Using the Metrics API

The Metrics API is a set of endpoints for querying an Apcera Platform cluster's metrics storage. It consists of the following endpoints:

Metric Query Request and Response Formats

Each Metrics API endpoint takes one or more metric query parameters, each of which is a comma-delimited list of values that provide the input for that query. The order of each value in the list is significant; it determines how the value is interpreted by the API Server.

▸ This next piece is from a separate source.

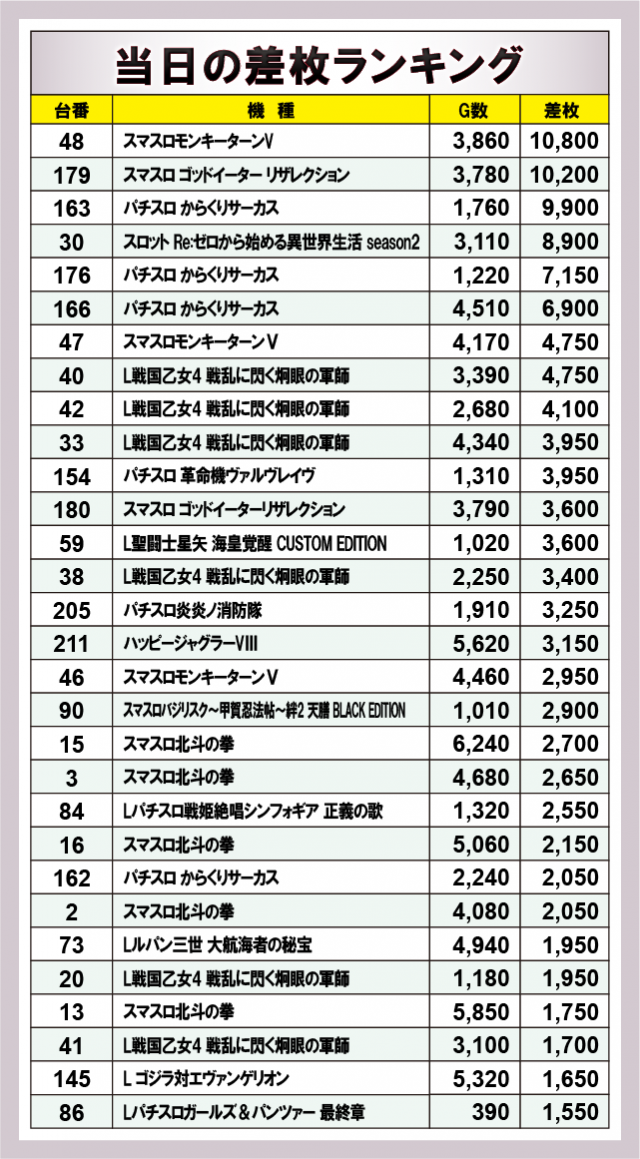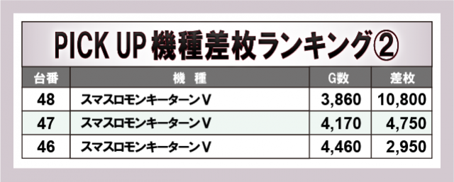 上表に名を連ねた優秀機種は、いずれも高い活気と熱気を披露していたのが特徴的だ。その中で『スマスロモンキーターンV』は万枚OVER台を筆頭に全台プラス差枚を達成し、ひと際存在感を放っていた。遊技するファンも好感触を得ては、時間の許す限りレバーを叩いていたことだろう。

For example, the following shows an example job metrics query that contains a single metric query parameter:

GET /metrics/jobs?metric=job::/apcera::continuum-guide,cpu.mean:avg-1hr,-6h,now HTTP/1.1

The query string value (job::/apcera::continuum-guide,cpu.mean:avg-1hr,-6hr,now) consists of the following parts:

  • job::/apcera::continuum-guide– FQN of the job to query.
  • cpu.mean:avg-1hr – Name of the performance metric to query (cpu.mean) followed by a colon (:) and the name of a down-sampling function combined with a down-sampling time-period, separated by a hyphen (avg-1hr).
  • -6hr,now – The time period (from,until) to consider for the query, in this case the 6 hour period preceding the current time (now). You can also specify absolute times for a from/until time, and mix relative and absolute times. Specifying query times and dates for details.

The response to a Metrics API call is a MetricResponse JSON object consisting of a top-level metrics object is a map of metric query string values (from the original query) to a map of MetricSeries objects whose keys are job/namespace FQN or Instance Manager names that were the target(s) of the query. The response to the example query discussed above is shown below:

GET /metrics/jobs?metric=job::/apcera::continuum-guide,cpu.mean:avg-1hr,-6h,now HTTP/1.1
{
  "metrics": {
    "job::/apcera::continuum-guide,cpu.mean:avg-1hr,-6hr,now": {
      "job::/apcera::continuum-guide": {
        "times": [
          1507219700,
          1507223300,
          1507226900,
          1507230500,
          1507234100,
          1507237700
        ],
        "values": [
          18250.329166666666,
          18389.229166666668,
          18237.331944444446,
          18250.30277777778,
          18034.50138888889,
          18193.968055555557
        ]
      }
    }
  },
  "errors": {}
}

Specifying Metric Query Time Periods

The last two items in each metric query string specify the "from" and "until" dates/times to consider for the query, respectively. Each value can be an absolute or relative time value. Relative time values are preceded by a minus sign (-) followed by a unit of time. Valid units of relative time are listed below:

Abbreviation Unit
s seconds
min minutes
h hours
d days
w weeks
mon month (30 days)
y year (365 days)

If the "from" value is omitted from a query then it defaults to 24 hours ago; if the "until" value is omitted it defaults to the current time (now). You can also use the term now to indicate the current time.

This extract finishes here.